If one is in such a case, it is best not to close the suture, to avoid the creation of edema. The player definitely out and is loaded on a hospital structure for an imaging record. Two possibilities then at the end of the balance sheet:
- Whether the fracture is non-displaced and only the suture will be performed with antibiotic coverage, and a stop sporting activity 3 to 4 weeks depending on the location of the fracture.
- Either the fracture is displaced, and reduction with osteosynthesis under general anesthesia with wound closure will be carried out urgently in six to twelve hours, during hospitalization of 3 to 7 days depending on the location of the fracture, the stop any sports activity up to 6 weeks.

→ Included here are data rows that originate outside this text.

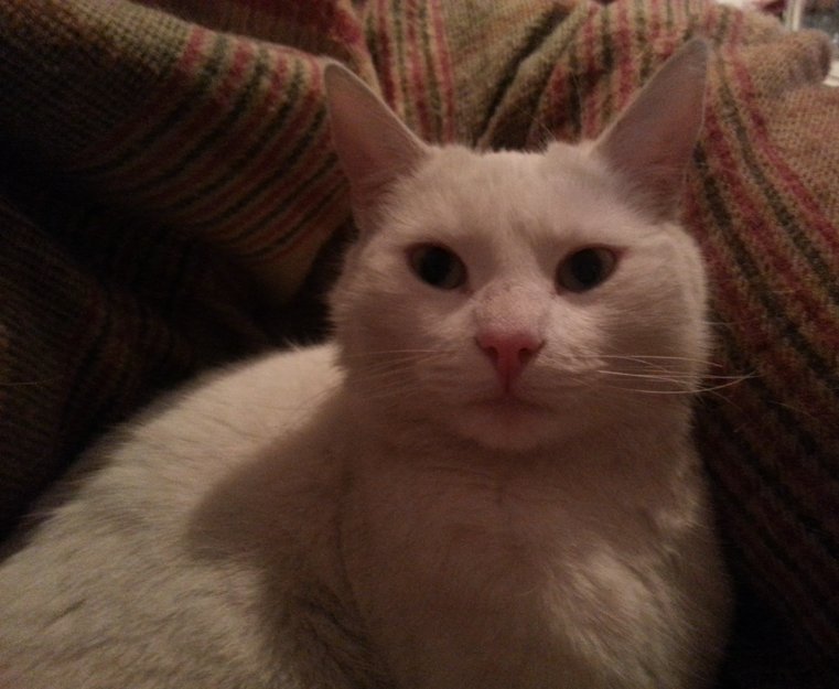 Hvit, kastrert hannkatt.
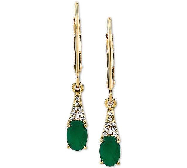 Le Vian Costa Smeralda Emeralds (1-3/8 ct. t.w.) & Diamond (1/20 ct. t.w.) Leverback Earrings in 14k Gold
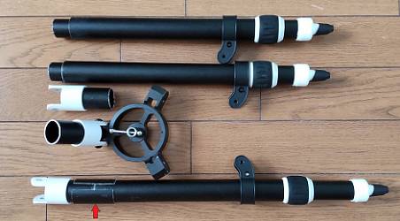 まず上中央図のようにAZ-GTiの三脚を切った。この三脚はしっかりと作られていて、ネジの部分は緩まないよう接着剤(?)で処理してある。ために分解できない所もあった(^^;) 困った私は、切った部分をつなぐために(赤矢印)切って不要になったパイプを使って繋ぐことにした。あとで、4ヶ所をビス止めする。

5) The contused and complex wounds.

When the wound to be treated is unusual in its scope, the dubious vitality of neighborhood integument, by associating frank wound and dermabrasion, it is best left to an experienced sports surgeon who follow the wounded on the first day at secondary the primary closure, and will be able to use appropriate means (directed healing, cover flap when cartilage exhibition, screening for sepsis) for a complete healing with minimal aesthetic or functional sequelae.

6.) The cervical wound

The neck is a very particular topography in case of wound of the richness of the underlying vessels present and by the presence of the larynx, the first stage of the air.
We specifically meet again blunt trauma and cervical problem larynx.
Regarding wounds, anatomical limit in depth, as the peritoneum for abdominal wounds is the platysma muscle.
Any wound that does not reach the platysma can be considered superficial, and can be supported to the locker room. Must still be able to explore the wound properly discarding the banks, and controlling bleeding. If in doubt, abstention is the rule.
Any wound that reaches the platysma should be an exploration under general anesthesia to control the large vessels of the neck, including venous axes at the origin of rebleeding after a deceptive lull.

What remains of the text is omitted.